■ **MATERIAL PROVIDED**
⟨

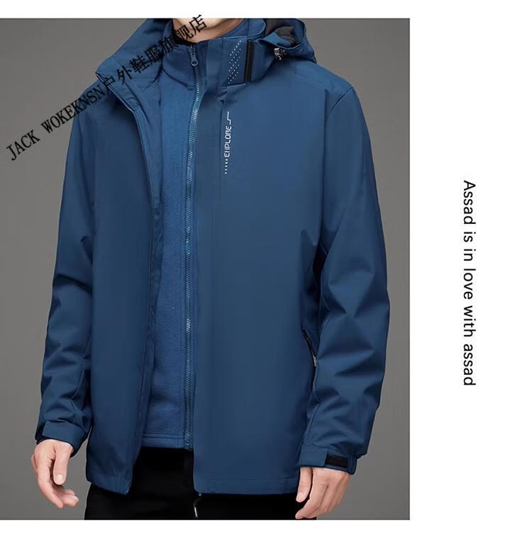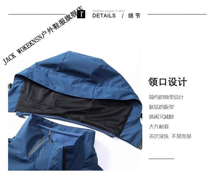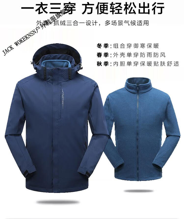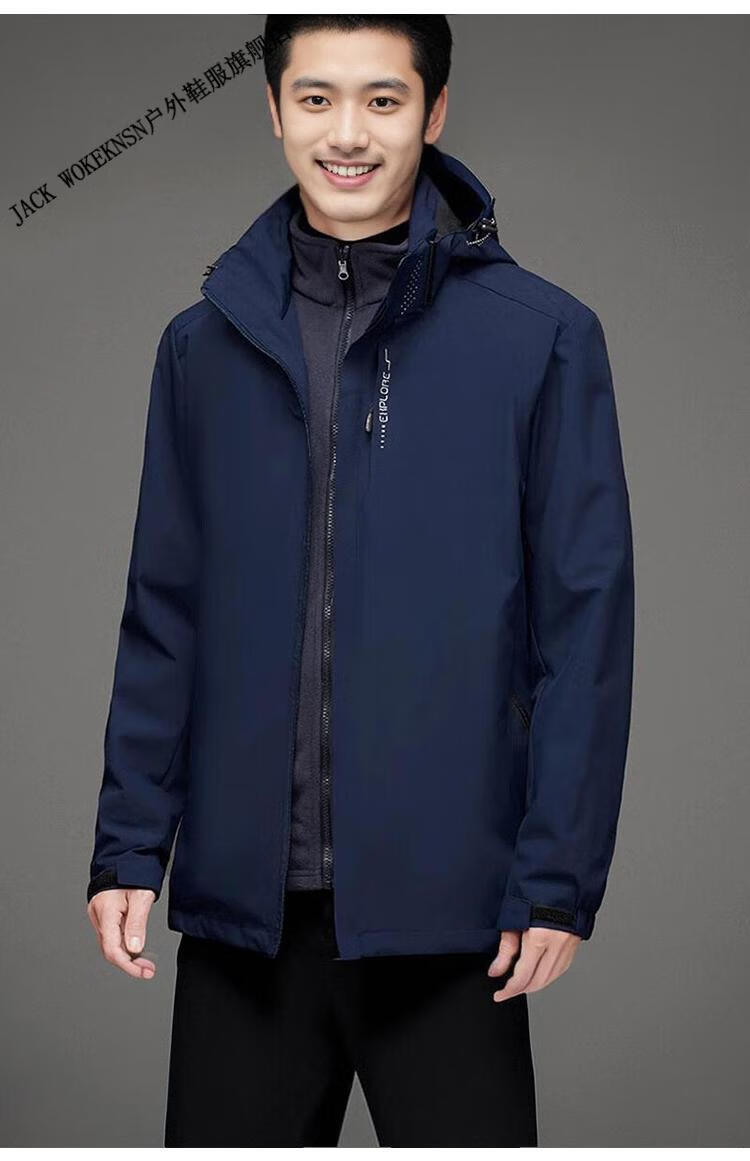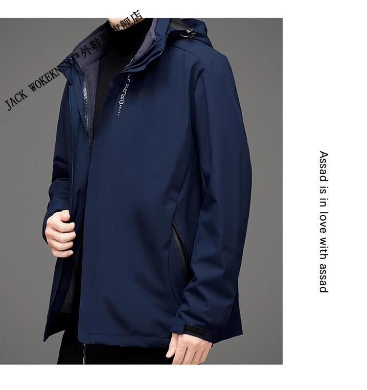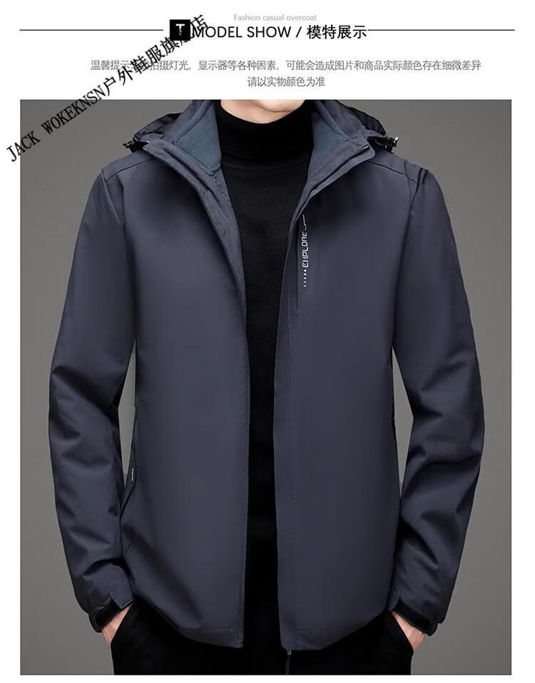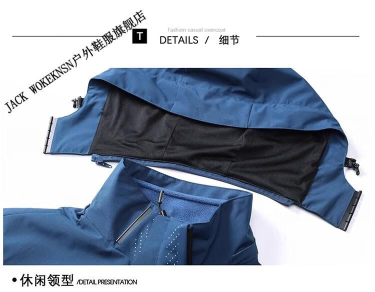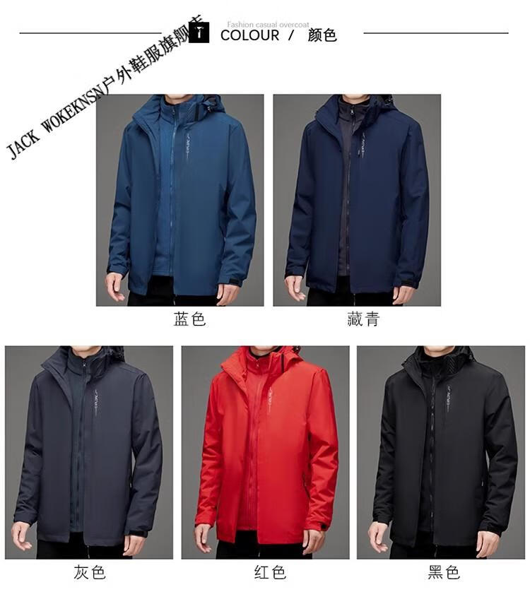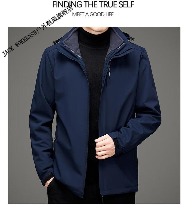 JACK WOKEKNSN狼爪云冲锋衣男三合一内胆可拆卸秋冬加厚户外防风防水登山服外套 黑色 XL/【推荐125-140斤】
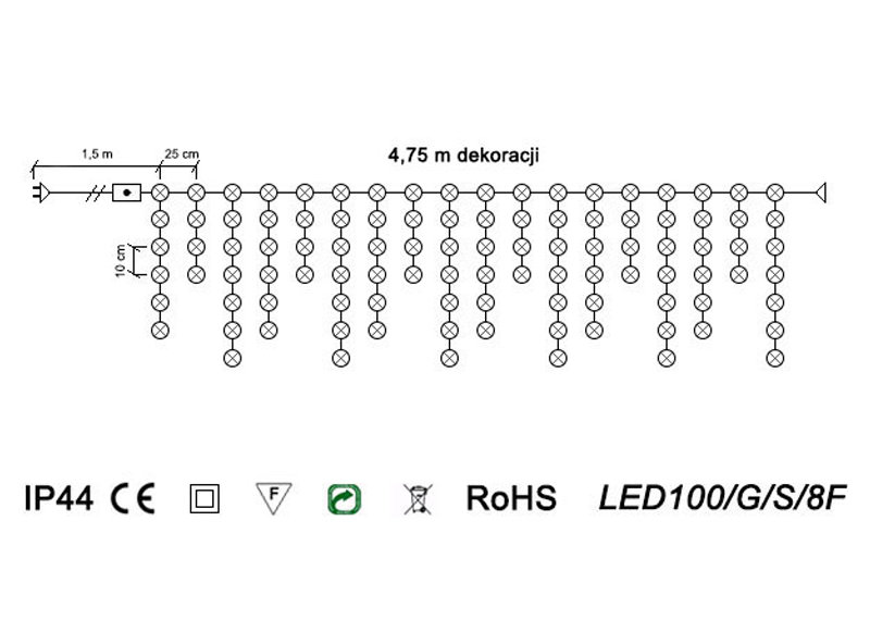 - długość / wymiary dekoracji świetlnej: 4,75 m
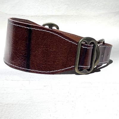 Obroża dla charcika włoskiego, wykonana ze skory z mosiężną ozdobą

⟩

■ **TASK TO COMPLETE**
Leaving the pictures aside, transcribe the entire listing exactly.

■ **RESPONSE BOX**
 JACK WOKEKNSN狼爪云冲锋衣男三合一内胆可拆卸秋冬加厚户外防风防水登山服外套 黑色 XL/【推荐125-140斤】
 - długość / wymiary dekoracji świetlnej: 4,75 m
 Obroża dla charcika włoskiego, wykonana ze skory z mosiężną ozdobą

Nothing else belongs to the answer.